The retention story provides another crucial insight. While VCs often assume SMB customers churn frequently due to business failures or price sensitivity, League Apps achieved enterprise-level retention rates by becoming truly essential to customer operations. When your software processes payments, manages teams, handles scheduling, and provides communication tools, customers don't leave unless you fail them – not because of external factors.
Brian's approach to market authenticity offers a masterclass in vertical positioning. Rather than emphasizing technology or software capabilities, League Apps consistently positioned itself as a sports company that happened to use software as its primary tool. This authenticity resonated with customers who saw Brian and his team as fellow sports operators rather than outside vendors trying to sell them something.
"SMBs don't care about fancy or flash. They're just saying, can you solve my problem and how much do I believe you that you can solve my problem?"
— Brian Litvack
The pricing evolution reveals how vertical SaaS companies can drive ACV expansion without losing their core value proposition. League Apps grew average contract values from $2-3K to over $10K not by raising prices, but by adding genuine value as customers' businesses became more sophisticated. This organic expansion proved more sustainable than aggressive pricing strategies.
Finally, Brian's experience illustrates the importance of market timing in vertical software. League Apps succeeded not just because they built good software, but because they caught the youth sports market during a critical professionalization phase. Understanding macro trends within target verticals can be as important as understanding customer workflows.
The Curse of Easy Capital
Brian's reflection on capital availability is sobering: "This whole notion of crazy amounts of capital being available in some vertical SaaS businesses, it's literally a curse. Like it's going to mess up your business." Success in hyper SMB requires discipline that easy money can undermine.
Today, as League Apps processes billions of dollars annually and serves thousands of organizations, the company stands as proof that hyper SMB markets can support massive, profitable businesses. But the path requires different strategies, different metrics, and different thinking than traditional SaaS companies.
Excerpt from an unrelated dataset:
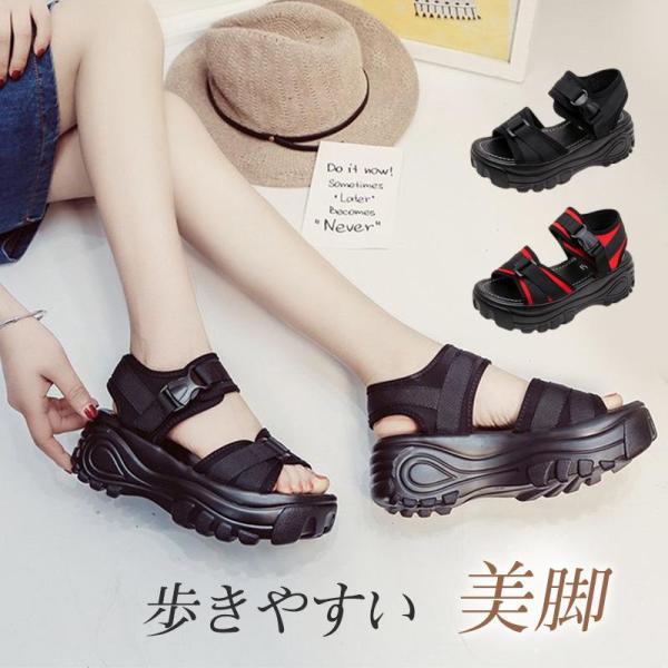 サンダル レディース 厚底 マジックテープ スポーツサンダル 通気性 夏 韓国風 カジュアル 歩きやすい スニーカー 通気性 美脚 疲れない 可愛い

For entrepreneurs willing to go deep into fragmented markets, Brian's journey provides both inspiration and a practical roadmap for success.
The youth sports market that seemed impossibly fragmented in 2007 became the foundation for a business that achieved institutional scale while maintaining the authentic relationships and deep vertical focus that made it successful in the first place. That balance – between growth and authenticity, between scale and specialization – may be the most important lesson of all.